Desde 1992, as travestis brasileiras vêm promovendo encontros com o objetivo de obter articulação política e visibilidade nacional. Do primeiro encontro nacional de travestis em 1992 até os dias de hoje houve muitos esforços nesse sentido. Uma das mais significativas reivindicações das travestis se refere ao uso do nome social, aquele pelo qual essas pessoas se identificam e são identificadas pela sociedade. Já existem situações que permitem o uso do nome social adotado por elas. O Ministério da Saúde garante aos usuários do Sistema Único de Saúde o uso do nome social no cartão de identificação de usuários, conforme Portaria 1820, de 13 de agosto de 2009. O Ministério da Educação por meio da Portaria 1602, de 18 de novembro de 2011, assegura o direito de escolha de tratamento nominal a servidores e usuários no seu âmbito de atuação.

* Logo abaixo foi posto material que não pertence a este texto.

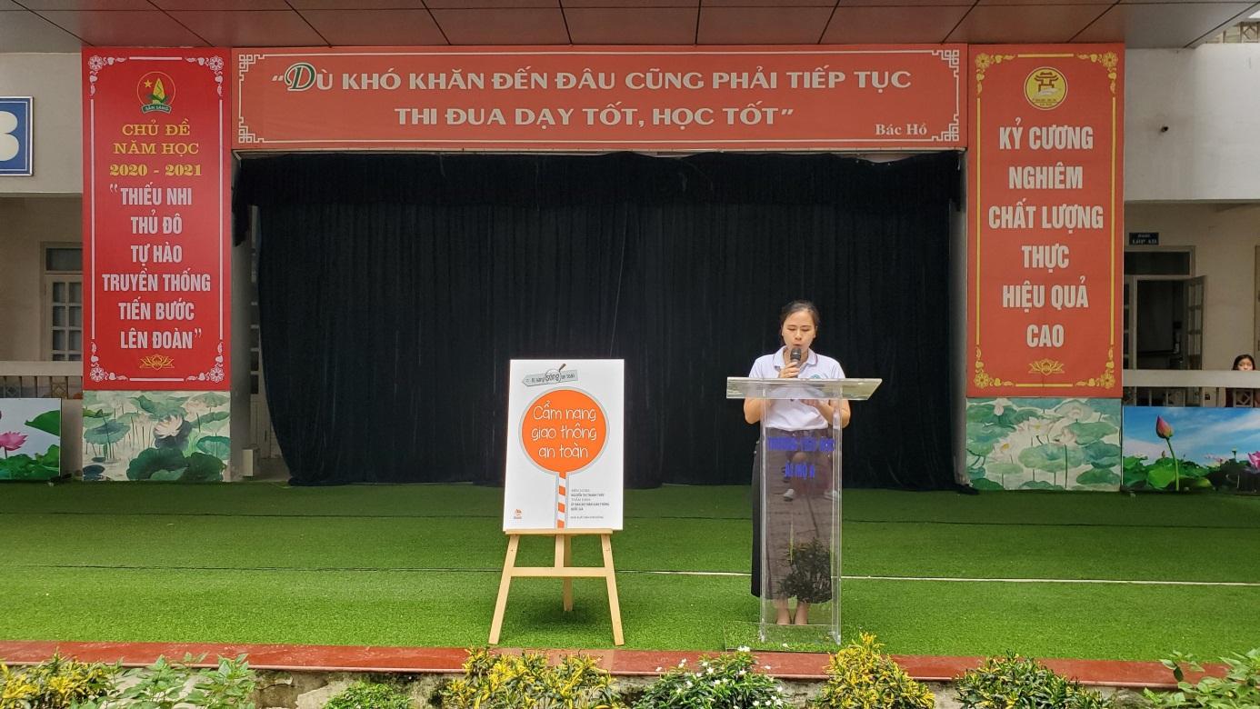 Hình ảnh cô Nguyễn Thị Thu Hiền giới thiệu sách hay tháng 9 trong tiết chào cờ
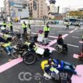 충북지역 공공교통확대를 위해 충북기후위기비상행동 등 4개 단체로 구성된 '충북모두의공공교통(준)이 24일 충북 청주시 상당구 상당사거리에서 저상버스 확대, 공공마을버스 도입, 안전한 보행로 정비 등을 촉구하며 '다이인(죽은 것처럼 드러눕는 시위) 퍼포먼스를 하고 있다.
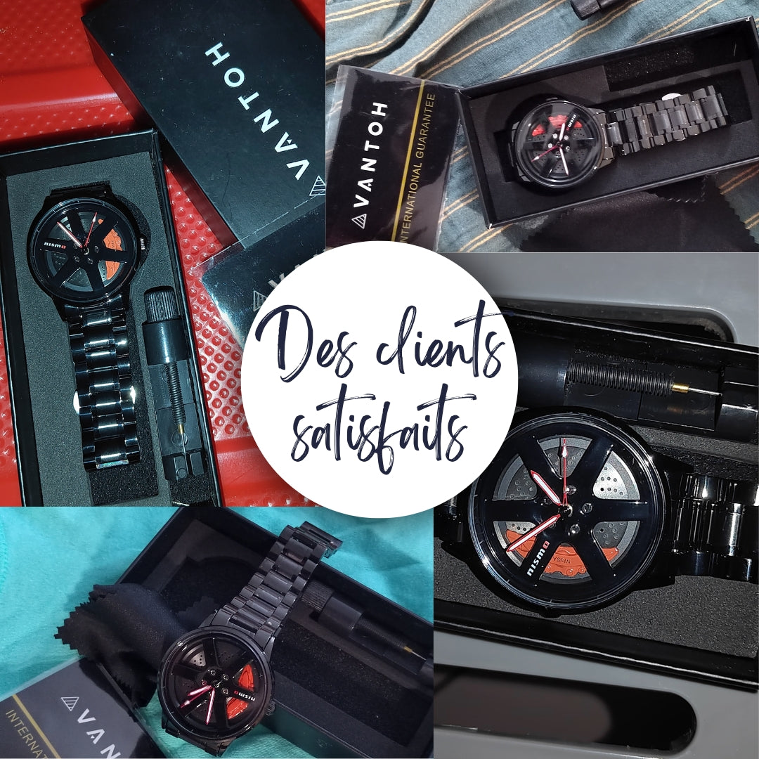 Nous offrons deux catégories uniques de montres : à mouvement fixe et à mouvement rotatif. Les montres à mouvement fixe s'alignent sur un design classique, tandis que nos montres rotatives offrent une innovation captivante. Dotées d'une roue élégante intégrée au cadran, elles tournent lorsque vous bougez votre poignet, évoquant l'allure d'une voiture en déplacement !
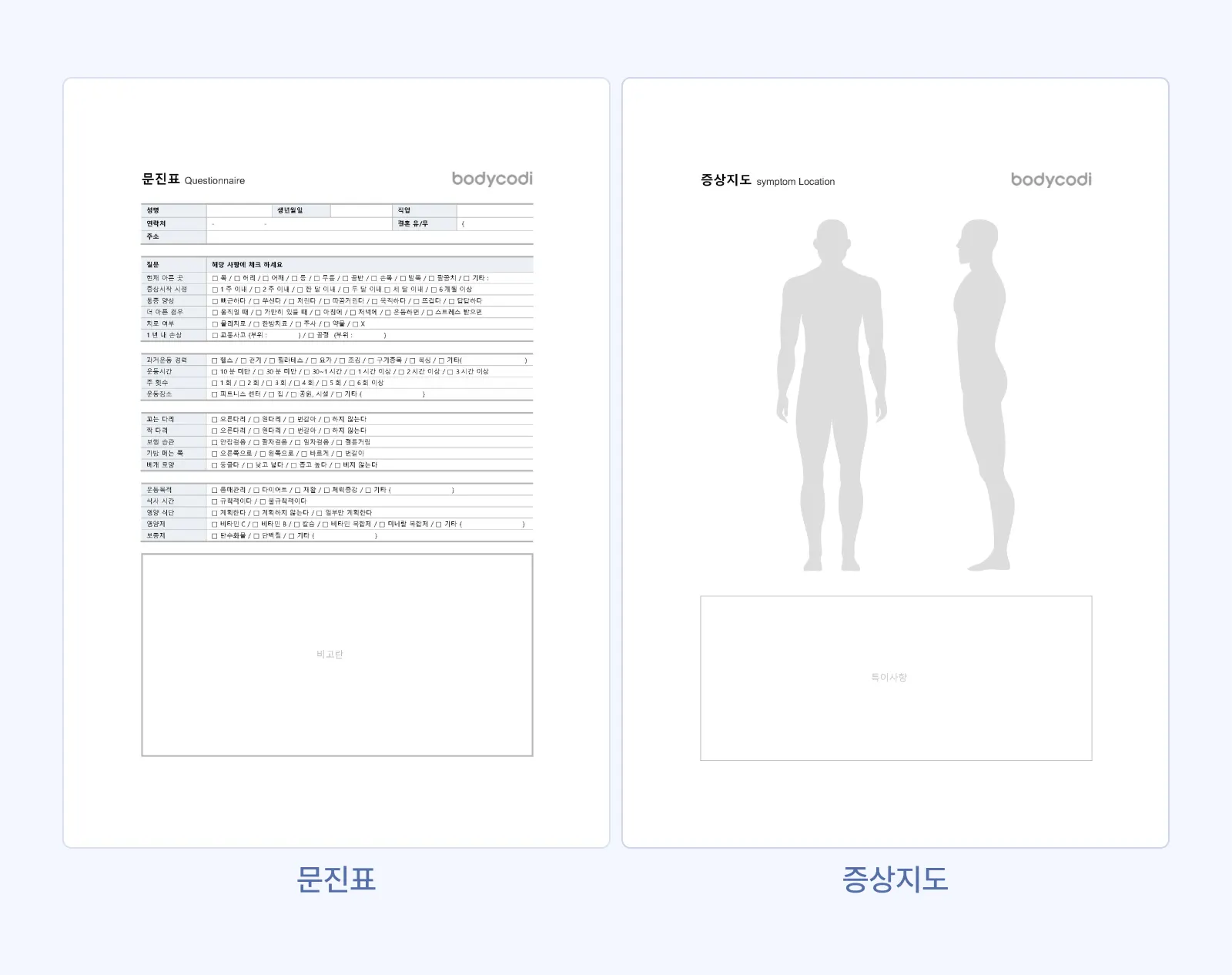 피트니스&필라테스&헬스&골프&요가 등 다용도로 사용할 수 있는 문진표와 증상지도표 샘플입니다.

Durante a audiência pública sobre os assassinatos de LGBT, realizada em 24 de novembro de 2010, na Câmara dos Deputados, em Brasília, a presidente da Rede Nacional de Pessoas Trans, a travesti Liza Minelly, informou que "entre travestis e transexuais, cerca de 70% já sofreram algum tipo de violência". Seu estado, Paraná, segundo ela, teria sido o que apresentou "maior número de assassinatos de travestis em 2009". Ela reafirmou as análises e denúncias de que "quase sempre o preconceito afasta as travestis do ensino e dos empregos formais, e muitas vezes as empurra para a prostituição e as drogas". Cabe ressalvar, aqui, a não ilegalidade da atividade de prostituição no Brasil seja para as pessoas que se prostituem ou para seus clientes. O que se considera crime é o seu fomento e a exploração sexual de pessoas agenciadas por terceiros para a exercerem. O que a depoente buscou expressar, além disso, é a falta de proteção e os riscos no exercício dessa profissão nas situações de marginalidade social que alguns dos seus praticantes se encontram. Ela acrescenta um aspecto importante que deve ser lembrado: "Também assistimos com frequência à morte moral da travesti, quando negam a ela um emprego para o qual teria todas as qualificações necessárias".2

Aceitação social consiste em garantir o tratamento das travestis em igualdade de condições com qualquer outra pessoa igualmente qualificada, em entrevistas para emprego e no exercício de atividades profissionais. Porém, um dos grandes entraves a essa aceitação é a crescente transfobia a que se assiste atualmente, inclusive com a associação do termo travesti a forte apelo erótico e fetichista, a transtornos patológicos, à imitação, engano ou fingimento com relação a ser alguém que não se é. Vale (2007, p. 55) é enfático ao dizer que "a injúria em relação a travestis e transgêneros aproxima-se da injúria racista". Trata-se de uma questão de identidade de pessoas associada às suas vivências sociais e culturais de um gênero diferente daquele que lhes foi atribuído quando nasceram e que requer aceitação social.

 

Metodologia

Tendo obtido parecer favorável do Comitê de Ética em Pesquisa do Centro Universitário UNA, foram realizadas, em 2011 e 2012 e com a duração média de 45 minutos, entrevistas com 12 travestis residentes em Contagem, Belo Horizonte e Betim. Seus nomes verdadeiros não foram revelados neste artigo. Quatro partes compunham as entrevistas. Na primeira, foram buscados dados sobre o perfil social, cultural, educacional e profissional das entrevistadas. Na segunda, elas foram convidadas a discorrer livremente sobre questões relacionadas à inserção e permanência no mercado de trabalho, tais como as dificuldades encontradas. Na terceira, pediu-se que relatassem o que já haviam feito ou estavam fazendo para se qualificarem profissionalmente. Na última, foram abordadas questões sobre ações coletivas de valorização de travestis no mercado de trabalho e na sociedade.

 

Características da amostra pesquisada

Não foram encontrados dados demográficos sobre travestis nestas localidades. Para compor a amostra, localizar e convidar as travestis a participarem da pesquisa, utilizou-se a técnica da imputação social, que consiste da indicação de nomes e meios de contato de possíveis participantes por pessoas confiáveis com base na atribuição do perfil de interesse da pesquisa.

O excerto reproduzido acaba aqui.